PROBLEM REQUIREMENTS: All entries below need to be written out exactly, but without their pictures.

(MATERIAL SUPPLIED)

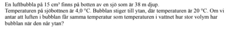 Eller lättare sagt, jag behöver nog hjälp med hur jag börjar också. Kom fram till att det är den ideala gaslagen som gäller. Men ni får jättegärna besvara frågorna ovan också så jag vet vilket tryck som gäller för vad.
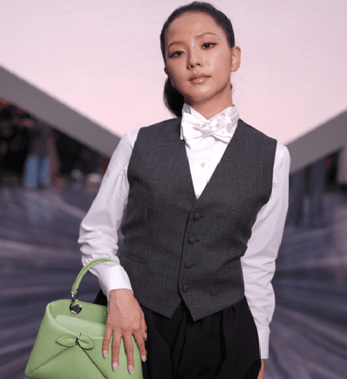 Jisoo wore a crisp white shirt paired with a matching bow tie under a charcoal gray vest, creating a sharp, sophisticated silhouette. Furthermore, she paired the outfit with black pleated shorts, introducing a youthful and contemporary twist to traditional menswear-inspired pieces. This combination perfectly balanced structure and femininity, highlighting her effortless style.
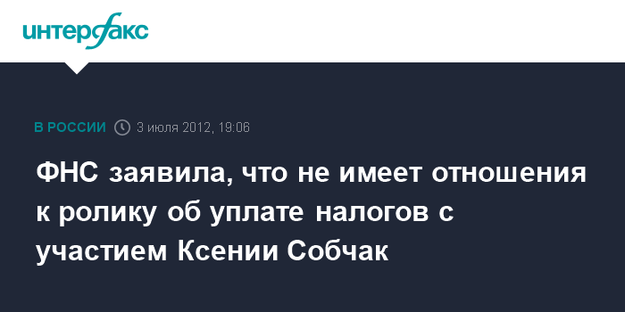 Москва. 3 июля. INTERFAX.RU - Федеральная налоговая служба (ФНС) не имеет отношения к созданию и распространению ролика "Заплати налоги и спи спокойно - 2012" с использованием образа Ксении Собчак, заявила пресс-служба ФНС.
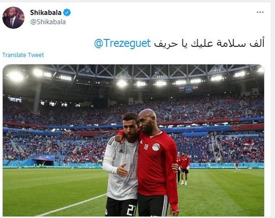ونشر شيكابالا عبر حسابة الشخصى على موقع التواصل الاجتماعى "تويتر" : "صورة تجمعه بتريزيجه، وعلق عليها قائلاً : ألف سلامة عليك يا حريف.
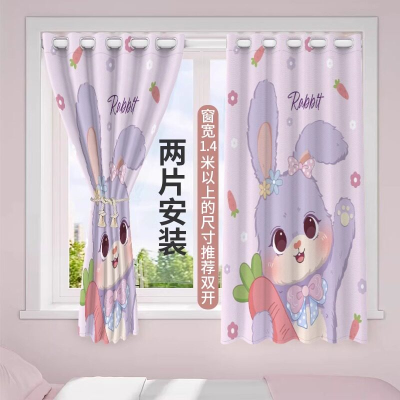 小窗帘遮光2024新款 窗帘杆一整套儿童房男女孩卧室短帘 免打孔安装
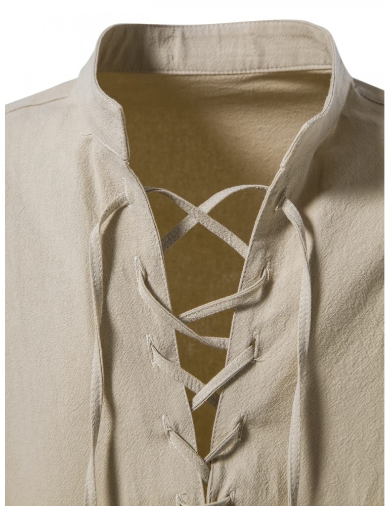 Medieval Pirate Shirt - Long Sleeve Retro Renaissance Solid Cotton V-Neck Tee with Lace Up Closure - Perfect for Halloween Festival Party Beach Casual Wear
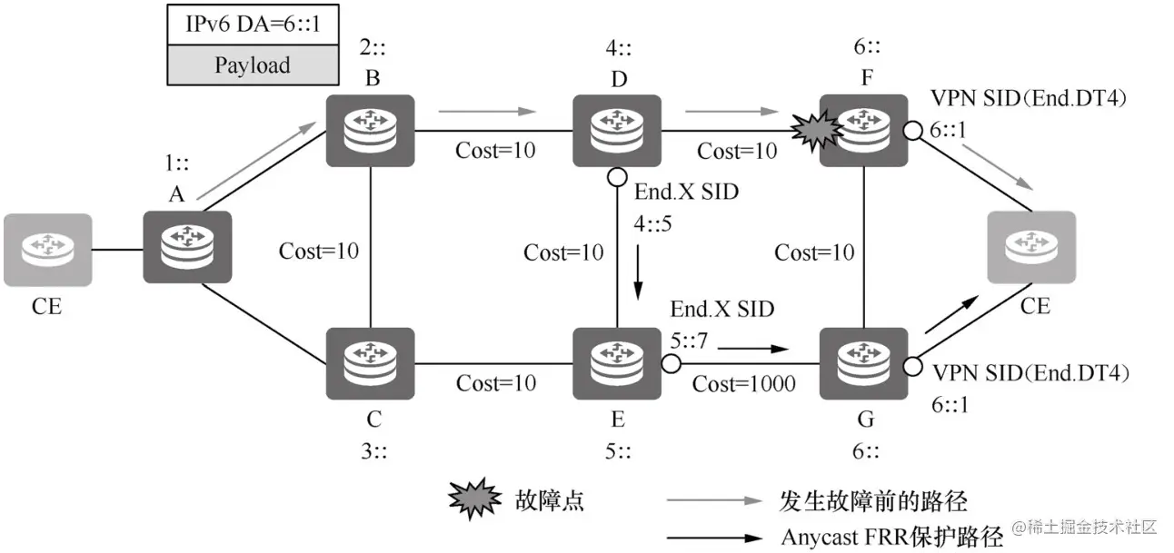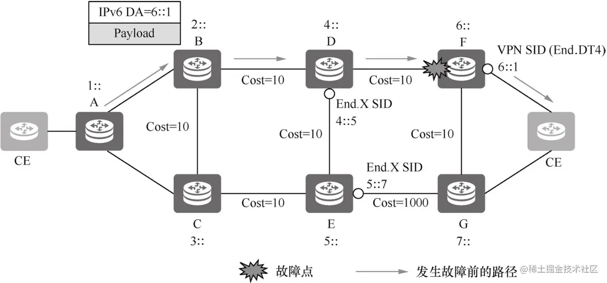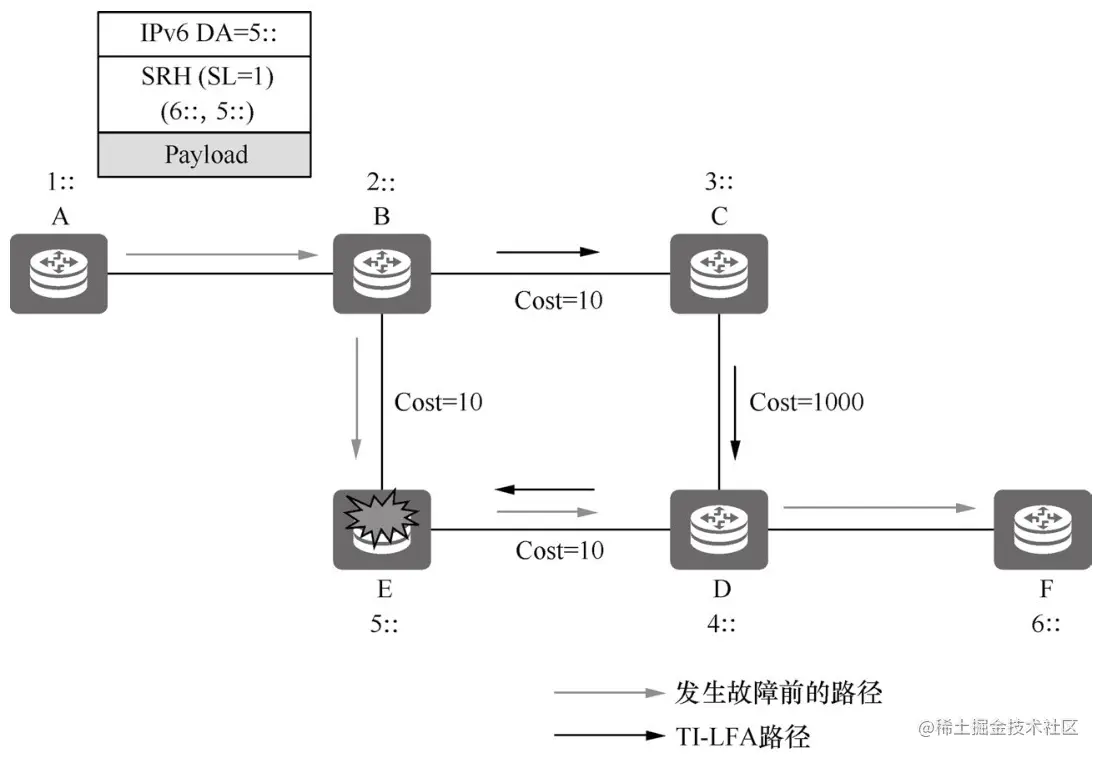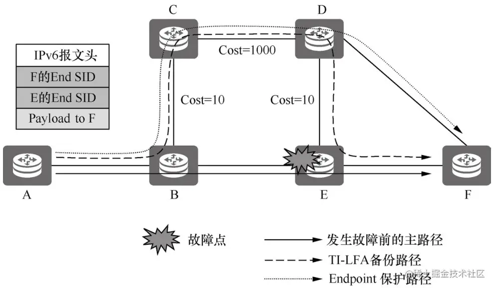 如图6-10所示,节点A发送报文携带Segment List <E,F>。由于TI-LFA是根据报文目的地址计算一条备份路径,所以TI-LFA计算的备份路径也经过节点E。如果节点E发生故障,普通TI-LFA无法实现保护作用。而SRv6 Endpoint保护是根据下层SID计算的备份转发路径,所以它能绕过故障的Endpoint节点。

(End MATERIAL SUPPLIED)

ANSWER TO THIS PROBLEM:
 Eller lättare sagt, jag behöver nog hjälp med hur jag börjar också. Kom fram till att det är den ideala gaslagen som gäller. Men ni får jättegärna besvara frågorna ovan också så jag vet vilket tryck som gäller för vad.
 Jisoo wore a crisp white shirt paired with a matching bow tie under a charcoal gray vest, creating a sharp, sophisticated silhouette. Furthermore, she paired the outfit with black pleated shorts, introducing a youthful and contemporary twist to traditional menswear-inspired pieces. This combination perfectly balanced structure and femininity, highlighting her effortless style.
 Москва. 3 июля. INTERFAX.RU - Федеральная налоговая служба (ФНС) не имеет отношения к созданию и распространению ролика "Заплати налоги и спи спокойно - 2012" с использованием образа Ксении Собчак, заявила пресс-служба ФНС.
ونشر شيكابالا عبر حسابة الشخصى على موقع التواصل الاجتماعى "تويتر" : "صورة تجمعه بتريزيجه، وعلق عليها قائلاً : ألف سلامة عليك يا حريف.
 小窗帘遮光2024新款 窗帘杆一整套儿童房男女孩卧室短帘 免打孔安装
 Medieval Pirate Shirt - Long Sleeve Retro Renaissance Solid Cotton V-Neck Tee with Lace Up Closure - Perfect for Halloween Festival Party Beach Casual Wear
 如图6-10所示,节点A发送报文携带Segment List <E,F>。由于TI-LFA是根据报文目的地址计算一条备份路径,所以TI-LFA计算的备份路径也经过节点E。如果节点E发生故障,普通TI-LFA无法实现保护作用。而SRv6 Endpoint保护是根据下层SID计算的备份转发路径,所以它能绕过故障的Endpoint节点。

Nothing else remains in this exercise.